Local communities across Indonesia are highly dependent to healthy coastal ecosystems. Photo credit: Ines Ayostina/WRI Indonesia

People living in the coastal area are vulnerable to climate change impact, including sea level rises and flooding. With about 65 percent of the population living 50 kilometers from the coastlines, Indonesia is among the world’s most vulnerable countries to be affected by climate change. It is estimated that 5.9 million people will be impacted by coastal flooding by the end of the century. Yet, the ecosystems upon which the communities depend for their protection and economy have been rapidly destroyed; Indonesia’s mangrove ecosystem was recorded to experience the fastest degradation rate in the world.

Among 151 countries that hold at least one blue carbon ecosystem, only 28 included a reference of coastal wetlands as climate change mitigation strategies, while 59 countries included coastal wetlands in their adaptation plan. Surprisingly, Indonesia has not included blue carbon ecosystems and coastal wetlands in the country’s NDC, either in the mitigation or adaptation strategies. This is unfortunate, as the country’s mangroves and seagrasses hold the largest blue carbon stocks globally, accounting for 17 percent. The country also ranks first in mangroves area with 22.6 percent of the global total area.

Current state of Indonesia’s blue carbon work

Indonesia has undertaken a series of efforts to manage its blue carbon ecosystems. From the policy side, a presidential regulation on National Strategy for Mangrove Ecosystem Management (SNPEM) was enacted in 2012, creating the national coordinating team for mangrove management. Several regulations and programs havesubsequently been initiated by the government, such as a ministerial regulation responded to SNPEM, Indonesia Blue Carbon Strategy Framework (IBCSF), and the RPJMN 2020-2024 development that includes blue carbon through the low carbon development initiative. While these efforts have stimulated mangroves rehabilitation, it is still not enough to achieve Indonesia’s target of rehabilitating 1.8 million hectares by 2045, mostly attributed to funding deficiency. Such efforts also do not have major impact on protecting seagrasses due to limited understanding of the ecosystem in Indonesia.

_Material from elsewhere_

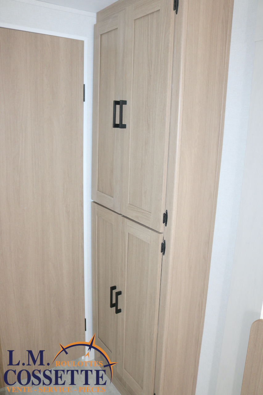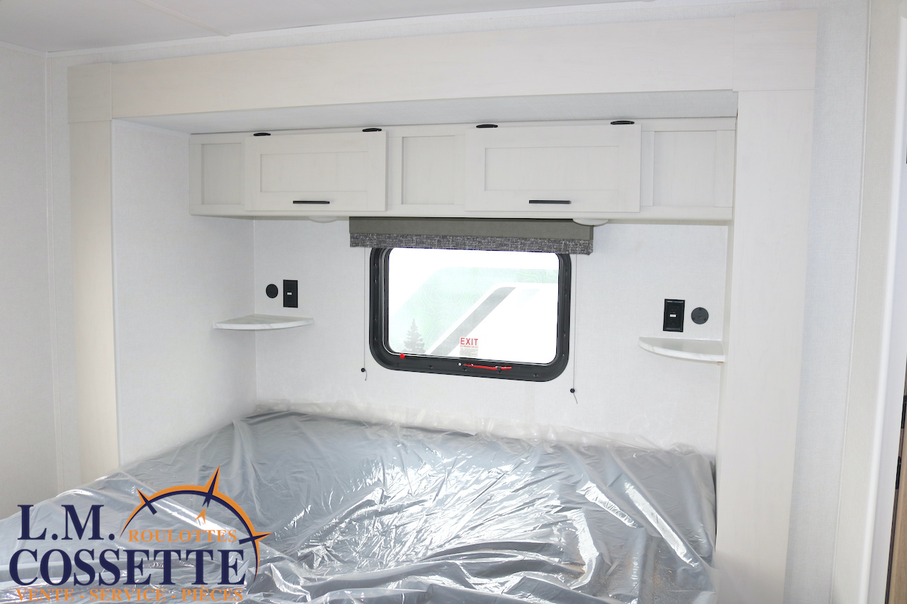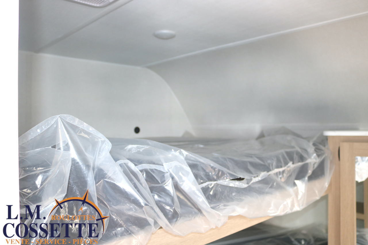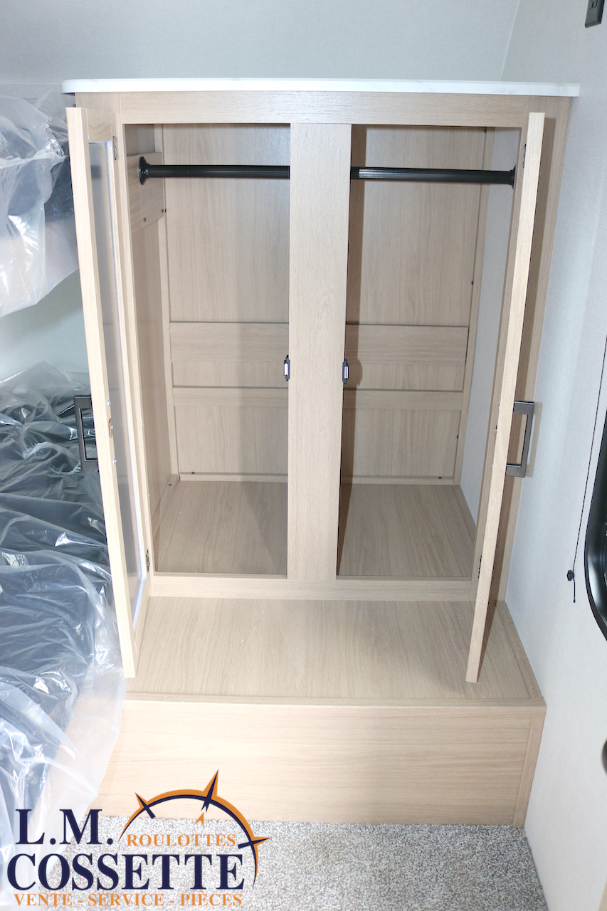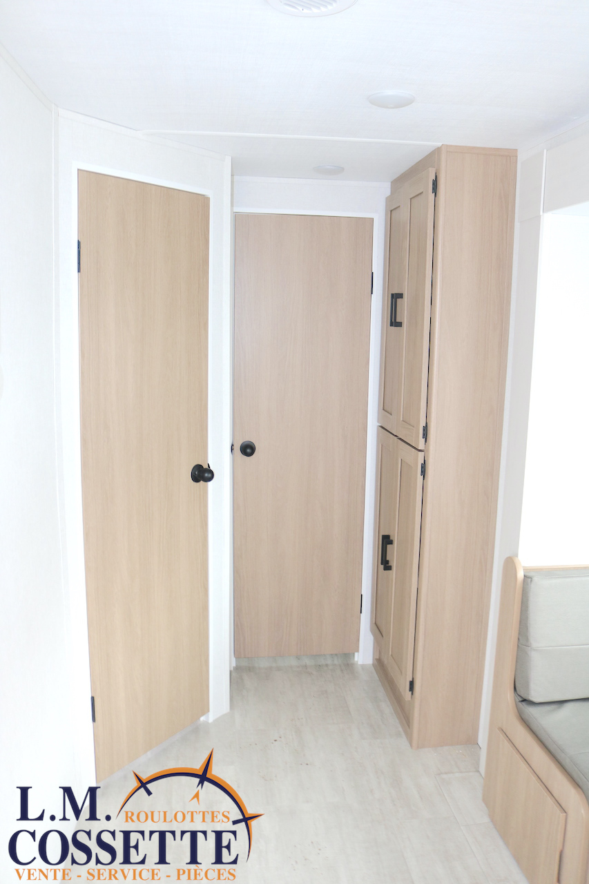 ATTRAYANTE ROULOTTE FAMILIALE AVEC GRAND LIT QUEEN SUPERPOSÉS !!! La chambre principale possède une rallonge pour le lit , dont les dimensions sont de 70 pouces x 80 pouces . Cette chambre est spacieuse , et possède plusieurs tiroirs , ainsi qu’un garde-robe . Elle possède , de plus , une pratique lingerie dans le petit couloir face à la salle de bain . La deuxième chambre , quand à elle , possède deux grand lits queen ( 60 pouces x 80 pouces ) superposés . Elle est équipé d’une petite cuisine extérieure ! Venez la voir , ce modèle vous séduira ! Vous pouvez nous rejoindre au (819)378-2491 .

Equally important to the initiative at the national level are actions at the field level. The government, CSOs, universities and other institutions have conducted blue carbon stock assessment and projects to protect blue carbon ecosystem in numerous locations in Indonesia, but ensuring the continuity of such projects in the long run remains a challenge.

While Indonesia has demonstrated considerable progress, the country still has major challenges to manage its blue carbon ecosystem. The objective is clear: to sustainably manage the ecosystem in a way that it can mitigate climate change, strengthen resilience, sustain economic-growth and improving people’s well-being.

The Way Forward

1. Science: the basis of action

While the role of blue carbon ecosystem in mitigating climate change is better understood, the extent to which they would contribute to the achievement of Indonesia’s emission reduction target remains uncertain. To understand the potential, we need to assess the excess of atmospheric carbon captured in blue carbon ecosystems, as such data is currently only available for selected areas. Thus, science-based approach should be mobilized to narrow down the gaps and reduce uncertainties. At the same time, remote sensing technology should be employed to generate spatially explicit and credible data and information.

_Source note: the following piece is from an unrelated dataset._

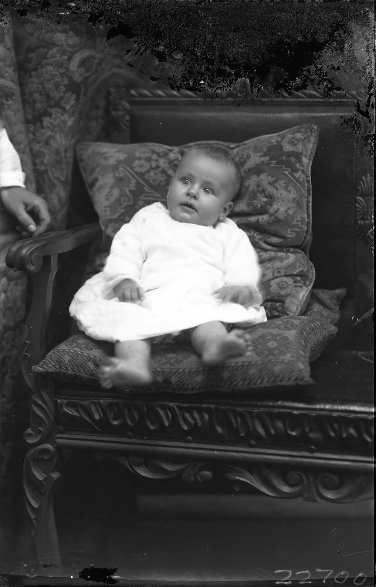 Unidentified barefoot baby is posed against pillows on a bench.

2. Policy: guidance to implement strategy

Policy making needs to be agile in responding to updated research findings and evidence. One of the pressing issues is to put emphasis on bundling mitigation and adaptation as the new way NDC sees these in a balanced manner. Indonesia should start appreciating their potentials and use science to support them. From methodological point of view, the 2013 IPCC Supplement for Wetlands is sufficiently adoptable for Blue Carbon to be included in the national inventories.

3. Practice: carry out efforts on the ground

There are several key enabling factors in the field setting that would sustain implementation. First, develop a financing mechanism that incentivizes the protection and restoration of the ecosystems. Second, create alternative livelihood planto promote ecosystem protection while ensuring the well-being of the communities. Last, assessing community’s resilience and develop climate change adaptation strategy.

A comprehensive approach to manage blue carbon ecosystem is needed. If we successfully do so, triple development’s wins could be in our hand: mitigating climate change, sustaining economic growth, and improving the well-being of coastal communities across this biggest archipelagic nation.